How can I sort the list by score, and if there is a tie, list it alphabetically, and then output it?
I imagine the intended output to look like:
1. Delta, 5 pts
2. Beta, 2 pts
3. Alpha, 0 pts
4. Charlie, 0 pts
I sorted the hash, but am not sure how to sort by alphabetical order if there is a tie. The code I used is below:
scores = Hash[ scores.sort_by { |team_name, scores_array| scores_array.sum.to_s } ]

In Ruby, Arrays are lexicographically ordered. You can make use of that fact for sorting by multiple keys: just create an array of the keys you want to sort by:
scores.sort_by {|team, score| [-score, team] }.to_h
#=> {'Delta' => 5, 'Beta' => 2, 'Alpha' => 0, 'Charlie' => 0}

The general pattern for sorting a Hash into a sorted Array of key/value pairs looks like this.
sorted_array_of_tuples = hash.sort { |a,b| ... }
A Hash has the Enumerable mixin which means it can use sort. Used on a Hash sort compares tuples (two element Arrays) of the key and value, so we can craft block that compares both the key and value easily.
Usually you then use the sorted Array.
sorted = hash.sort { ... }
sorted.each { |t|
puts "#{t[0]}: #{t[1]}"
}
But you can turn it back into a Hash with to_h. Since Hashes in Ruby remember the order their keys were inserted, the newly minted Hash created from the sorted Array will retain its sorting.
sorted_hash = hash.sort { |a,b| ... }.to_h
...but if more keys are added to sorted_hash they will not be sorted, they'll just go at the end. So you'll probably want to freeze the sorted hash to prevent modifications ruining the sorting.
sorted_hash.freeze
As for the sort block, in other languages an idiom of "compare by this, and if they're equal, compare by that" would look like this:
sorted_scores = scores.sort { |a,b|
# Compare values or compare keys
a[1] <=> b[1] || a[0] <=> b[0]
}
This takes advantage that <=> returns 0 when they're equal. In other languages 0 is false so you can use logical operators to create a whole chain of primary, secondary, and tertiary comparisons.
But in Ruby 0 isn't false. Only false is false.
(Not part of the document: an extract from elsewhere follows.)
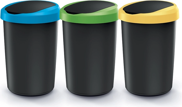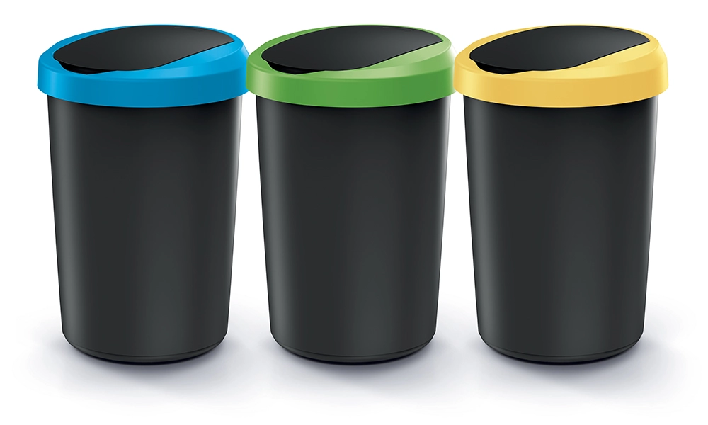 Praktikus szelektáló hulladékgyűjtő szett otthonra és irodába. Három különálló, 40 literes tartály, strapabíró, újrahasznosított műanyag és színkódolt fedelek (kék/papír, zöld/üveg, sárga/műanyag) a könnyű és környezetbarát szelektáláshoz. Kompakt méretek és modern megjelenés, amely illik bármely belső térhez.

Usually this is a good thing, but here it means we need to be more specific.
sorted_scores = scores.sort { |a,b|
# Compare values
cmp = a[1] <=> b[1]
# Compare keys if the values were equal
cmp = a[0] <=> b[0] if cmp == 0
# Return the comparison
cmp
}

You can use <=> to compare and do it in a block where you first compare by value (score) and if those match, then compare by key (name).
scores = {
"Alpha" => 0,
"Beta" => 2,
"Charlie" => 0,
"Delta" => 5,
}
# convert to an array of arrays
# => [[Alpha, 0], [Beta, 2], [Charlie, 0], [Delta, 5]]
# then sort by value and, if needed, by key
scores = scores.to_a.sort! { |a,b|
cmp = a[1] <=> b[1] # sort by value (index = 1)
cmp = a[0] <=> b[0] if cmp == 0 # sort by key (index = 0) if values matched
cmp
}.to_h # convert back to a hash
puts scores
Or if you want to extract the comparison code into a method for reuse/clarity, you can have it call the method.
# Compare entries from the scores hash.
# Each entry has a name (key) and score (value) (e.g. ["Alpha", 0].
# First compare by scores, then by names (if scores match).
def compare_score_entries(a, b)
cmp = a[1] <=> b[1]
cmp = a[0] <=> b[0] if cmp == 0
return cmp
end
scores = scores.sort(&method(:compare_score_entries)).to_h

You can sort it like this
scores = {
"Charlie" => 0,
"Delta" => 5,
"Beta" => 2,
"Alpha" => 0
}
puts scores
.map{|name, score| [-score, name]}
.sort
.zip((0...scores.size).to_a)
.map{|(score, name), i| "#{i + 1}. #{name}, #{-score} pts"}
notice the minus score. It a trick to sort integer reversely.

You can try this
scores = {
'Charlie' => 0,
'Delta' => 5,
'Beta' => 2,
'Alpha' => 0
}
scores_sorted = scores.sort_by { |_key, value| -value }
scores_sorted.each.with_index(1) do |value, index|
puts "#{index}. #{value[0]}, #{value[1]} pts"
end

Related

Is there a one liner or more efficient way to get this done?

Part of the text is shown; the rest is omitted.